Looking at an alignment, where are the boundaries of the alignment (the best local region)?
What is the highest scoring non-homolog?
How do the BLASTP E()-values compare with the
FASTA (BLASTP62) E()-values for the distantly related
mammalian and plant sequences?
One of the slides this afternoon will show an alignment between
human and bovin PCBP2 (Poly(rC) binding protein 2). One of the
missing regions of the human protein is from residues 267-279 in
PCB2_HUMAN (Q15366) when aligning A0A3Q1LX34_BOVIN.
Use the align two sequences [pgm] link from the FASTA web site to align PCB2_HUMAN (enter into top box) with A0A3Q1LX34_BOVIN (lower box).
Note the locations (coordinates) of the two gaps in PCB2_HUMAN.

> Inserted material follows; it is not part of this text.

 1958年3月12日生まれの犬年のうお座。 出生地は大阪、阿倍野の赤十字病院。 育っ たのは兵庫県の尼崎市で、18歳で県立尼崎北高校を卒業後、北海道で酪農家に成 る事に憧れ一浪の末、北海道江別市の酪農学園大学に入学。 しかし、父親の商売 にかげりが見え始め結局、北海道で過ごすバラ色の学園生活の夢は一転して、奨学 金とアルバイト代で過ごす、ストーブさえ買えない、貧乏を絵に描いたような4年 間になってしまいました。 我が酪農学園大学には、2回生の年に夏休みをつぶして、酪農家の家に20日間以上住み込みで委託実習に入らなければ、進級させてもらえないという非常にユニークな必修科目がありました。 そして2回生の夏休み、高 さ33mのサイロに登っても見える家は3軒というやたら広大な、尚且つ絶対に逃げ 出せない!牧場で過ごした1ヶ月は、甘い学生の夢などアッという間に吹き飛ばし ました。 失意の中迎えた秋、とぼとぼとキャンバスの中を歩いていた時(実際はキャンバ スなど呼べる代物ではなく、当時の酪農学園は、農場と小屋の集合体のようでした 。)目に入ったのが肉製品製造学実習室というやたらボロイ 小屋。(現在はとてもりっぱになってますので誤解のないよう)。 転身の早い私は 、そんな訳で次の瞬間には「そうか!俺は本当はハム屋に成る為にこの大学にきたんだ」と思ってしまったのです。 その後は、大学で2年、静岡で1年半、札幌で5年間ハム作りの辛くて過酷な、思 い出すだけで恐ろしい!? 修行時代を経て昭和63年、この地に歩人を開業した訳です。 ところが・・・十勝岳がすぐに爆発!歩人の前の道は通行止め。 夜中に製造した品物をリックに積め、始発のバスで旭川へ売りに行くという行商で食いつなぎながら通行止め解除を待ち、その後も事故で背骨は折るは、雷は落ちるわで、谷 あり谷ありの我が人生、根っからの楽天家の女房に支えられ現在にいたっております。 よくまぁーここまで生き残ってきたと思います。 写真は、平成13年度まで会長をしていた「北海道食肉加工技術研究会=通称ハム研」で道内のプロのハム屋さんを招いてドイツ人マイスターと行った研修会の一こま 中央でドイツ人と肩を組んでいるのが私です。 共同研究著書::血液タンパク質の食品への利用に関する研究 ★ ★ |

Go to the UCSC Genome web site to look at cow PCB2 gene. These coordinates display the cow genomic sequence from Chr5:26,543,511-26,562,251 (from the end of exon 10 to the beginning of exon 11)
Use the View menu option to get the DNA sequence of the cow PCB2 gene. First select View/DNA Sequence, then click the Get DNA option at the bottom of the page.
Copy the DNA sequence, and use the Use the align two sequences [pgm] link PCB2_HUMAN with cow PCB2 DNA sequence, that you copied/pasted from the UCSC Get DNA link.
Use TFASTX to compare residues 267-289 of PCB2_HUMAN to the DNA
sequence from the cow PCBP2 gene by pasting in the cow genomic sequence from Chr5:26543511:26562251
(from the end of exon 10 to the beginning of exon 11):
Compare the subset range of PCBP2_HUMAN 267-279 to the cow genomic
region using "Compare sequences" with TFASTX [pgm] using the "VT20" and
"BLASTP62" matrices. How long are the alignments? The percent
identity? What the bit scores? What are the E()-values of the two
alignments?
Try the same comparison with residues 169-198 of PCB2_HUMAN
using VT20 to align exon 7 of PCB2_HUMAN to the cow
genome region. Can you find the missing 4 amino acids at 169-172?